Dulong had an aptitude for designing and carrying out experiments, and he used this talent to answer questions posed by new theories that were emerging in areas of chemistry and physics. For this reason, he found work in the laboratories of leading scientists during the post-Revolutionary period, the early 1800s.

Dulong was among a select few invited to join the Society of Arcueil, a private research laboratory set up by Claude Louis Berthollet and Pierre Simon Laplace in a small town outside of Paris. There, Dulong joined other scientists who became leaders in the fields of chemistry and physics during the first half of the 19th century. The work of the Society of Arcueil contributed to our present understanding of molecules and atoms, electricity and magnetism, heat, and light.

Dulong is remembered for his research into the chemical composition of water, the physical properties of water vapor and steam at high temperature, and his work to precisely measure temperature and the specific heats of various substances. This work, which Dulong carried out with Alexis Thérèse Petit, resulted in the discovery of the Dulong-Petit law. But, Dulong was famous among the chemists of his day for being the first person to synthesize nitrogen trichloride, a notoriously unstable and highly explosive substance.

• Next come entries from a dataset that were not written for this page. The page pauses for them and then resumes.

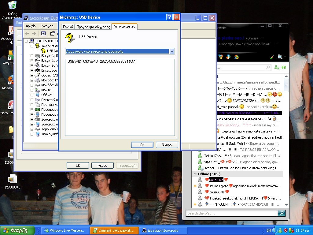 firewalker Δημοσ. 15 Απριλίου 2009 Δημοσ. 15 Απριλίου 2009 Κάνε ακριβώς το παρακάτω πράγμα. Και πόσταρε τα PID και VID. http://www.insomnia.gr/forum/showpost.php?p=2666842&postcount=18
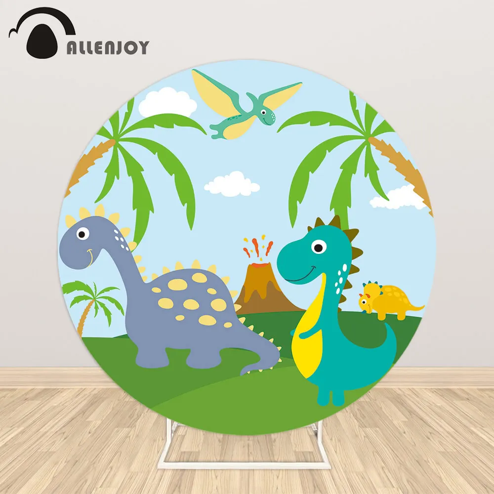 Allenjoy динозавр круглые фоны джунгли детский душ День Рождения фотография фон эластичные обои фотостудии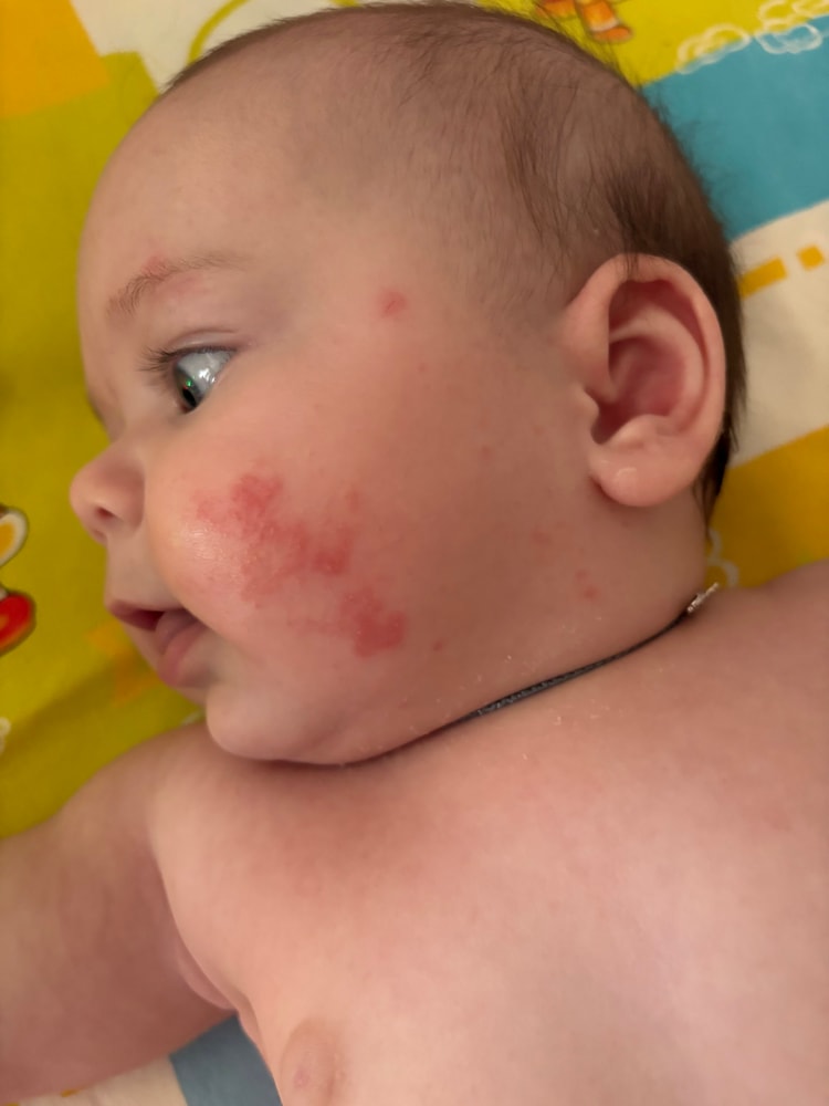 АллергияДобрый вечер. Помогите пожалуйста разобраться.. с самого рождения у ребенка проблемы с кожей на лице , в 1 месяц очень сильно цвела и долго , потом все прошло , сейчас нам 5,5 месяцев , в течении дня могут то обсыпать щеки то проходят , фото прилагаю
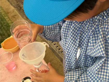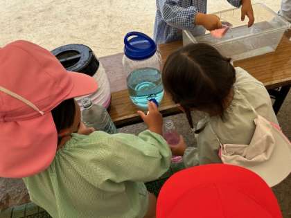 スーパーボールをすくったり、色のついた水をペットボトルにうつし換えたり、こぼれる水を「あー」と言いながら、どうすればたくさん入るか試したり、友達の様子を見て気付いたり教えてもらったりしながら、挑戦していました。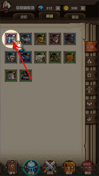 3、點(diǎn)擊英雄卡片可進(jìn)入英雄管理界面,進(jìn)入后可以查看英雄的屬性和技能,為英雄升級(jí)、進(jìn)階,提升英雄戰(zhàn)力。

At the beginning of the 19th century, much research in chemistry was devoted to isolating distinct compounds and discerning their molecular composition. As this work progressed, people remarked on the fact that no one had yet found a substance composed of nitrogen combined with chloride. Was there some as yet unknown law of chemistry that prohibited this combination?

Dulong took up the challenge of finding out. He succeeded in producing an oily, yellow substance — nitrogen trichloride — by reacting chlorine gas with ammonium chloride in solution while carefully maintaining a low temperature for the reaction. However, this success came at the cost of three fingers and an eye, when the long-sought substance violently exploded in Dulong’s face.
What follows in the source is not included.